(What to do)
Once the line holding "- Bloch, G.;" is found in the entries below, transcribe exactly every line up to and including the one holding "Kazakhstan import and", but leave out the pictures.
◆ ◆ ◆ ◆ ◆
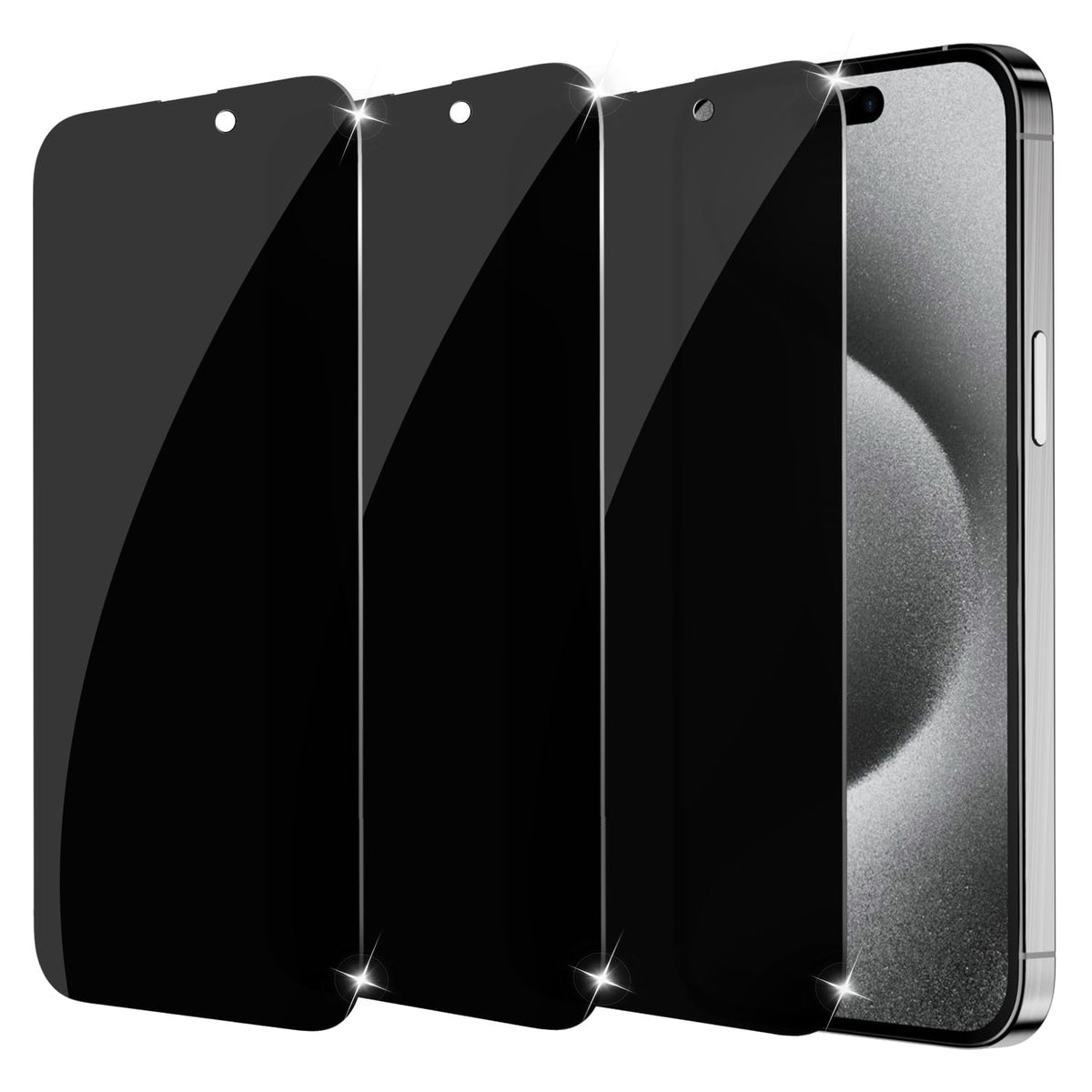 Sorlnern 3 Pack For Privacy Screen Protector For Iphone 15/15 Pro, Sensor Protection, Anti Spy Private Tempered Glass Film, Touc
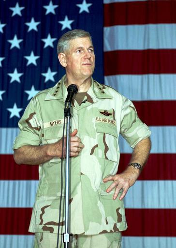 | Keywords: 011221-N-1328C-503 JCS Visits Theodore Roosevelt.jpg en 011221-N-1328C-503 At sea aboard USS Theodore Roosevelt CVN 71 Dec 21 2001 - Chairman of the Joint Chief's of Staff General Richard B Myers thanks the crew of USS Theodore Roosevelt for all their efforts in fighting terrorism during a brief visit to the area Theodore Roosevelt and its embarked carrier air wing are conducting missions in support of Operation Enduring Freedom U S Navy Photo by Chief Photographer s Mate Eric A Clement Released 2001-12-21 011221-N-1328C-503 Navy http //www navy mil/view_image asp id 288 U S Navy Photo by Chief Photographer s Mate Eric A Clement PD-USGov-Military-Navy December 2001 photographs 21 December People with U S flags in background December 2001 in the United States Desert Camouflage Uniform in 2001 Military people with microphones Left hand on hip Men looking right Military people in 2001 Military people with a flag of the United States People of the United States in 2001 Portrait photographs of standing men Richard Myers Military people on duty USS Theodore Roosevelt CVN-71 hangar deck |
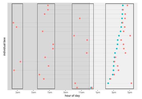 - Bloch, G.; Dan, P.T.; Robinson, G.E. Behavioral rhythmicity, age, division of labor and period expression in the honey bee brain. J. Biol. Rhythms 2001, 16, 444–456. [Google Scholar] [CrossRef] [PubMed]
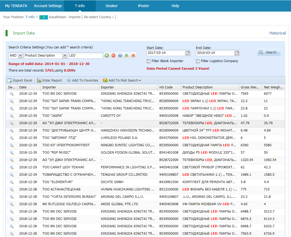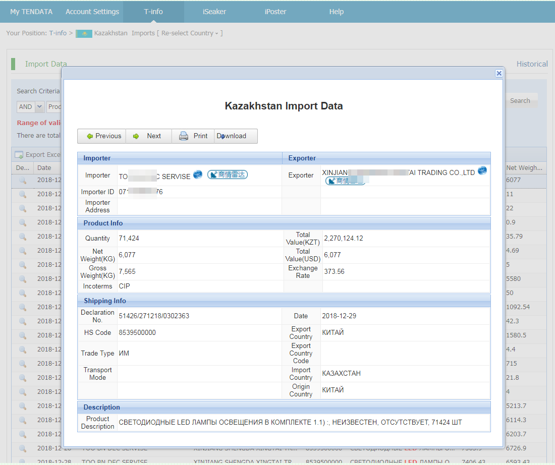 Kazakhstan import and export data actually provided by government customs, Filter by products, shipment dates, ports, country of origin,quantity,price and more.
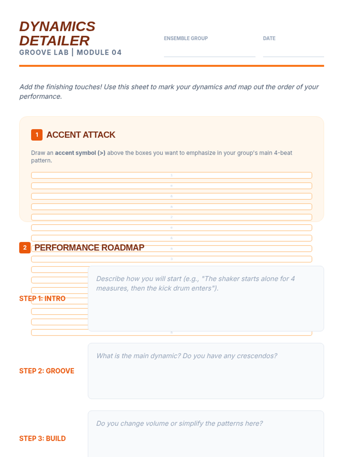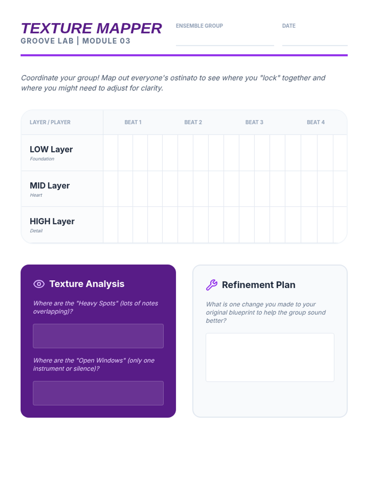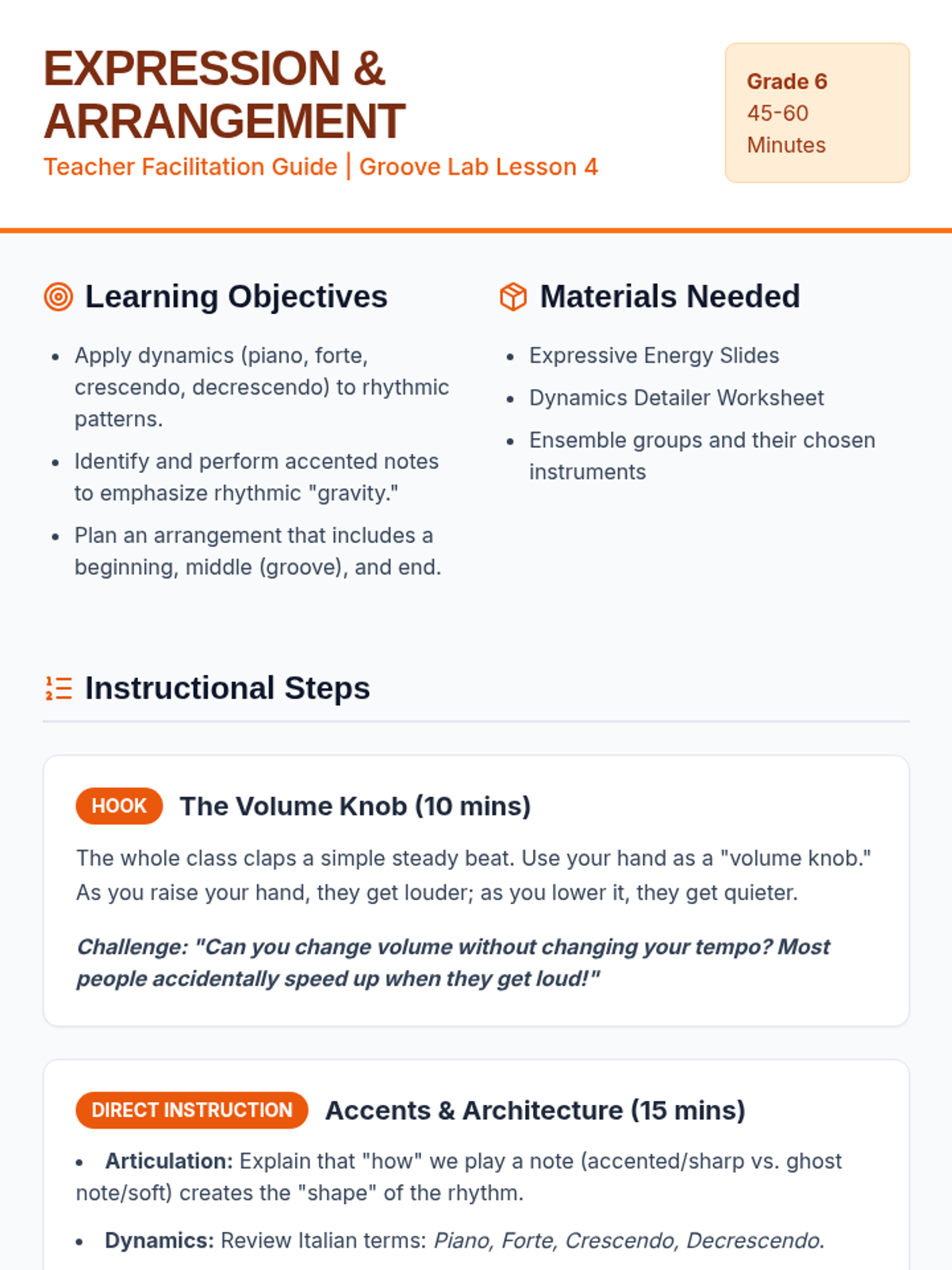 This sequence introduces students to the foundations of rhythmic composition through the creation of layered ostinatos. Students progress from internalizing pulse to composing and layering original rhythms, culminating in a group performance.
◆ ◆ ◆ ◆ ◆
(Exercise solution)
 - Bloch, G.; Dan, P.T.; Robinson, G.E. Behavioral rhythmicity, age, division of labor and period expression in the honey bee brain. J. Biol. Rhythms 2001, 16, 444–456. [Google Scholar] [CrossRef] [PubMed]
 Kazakhstan import and export data actually provided by government customs, Filter by products, shipment dates, ports, country of origin,quantity,price and more.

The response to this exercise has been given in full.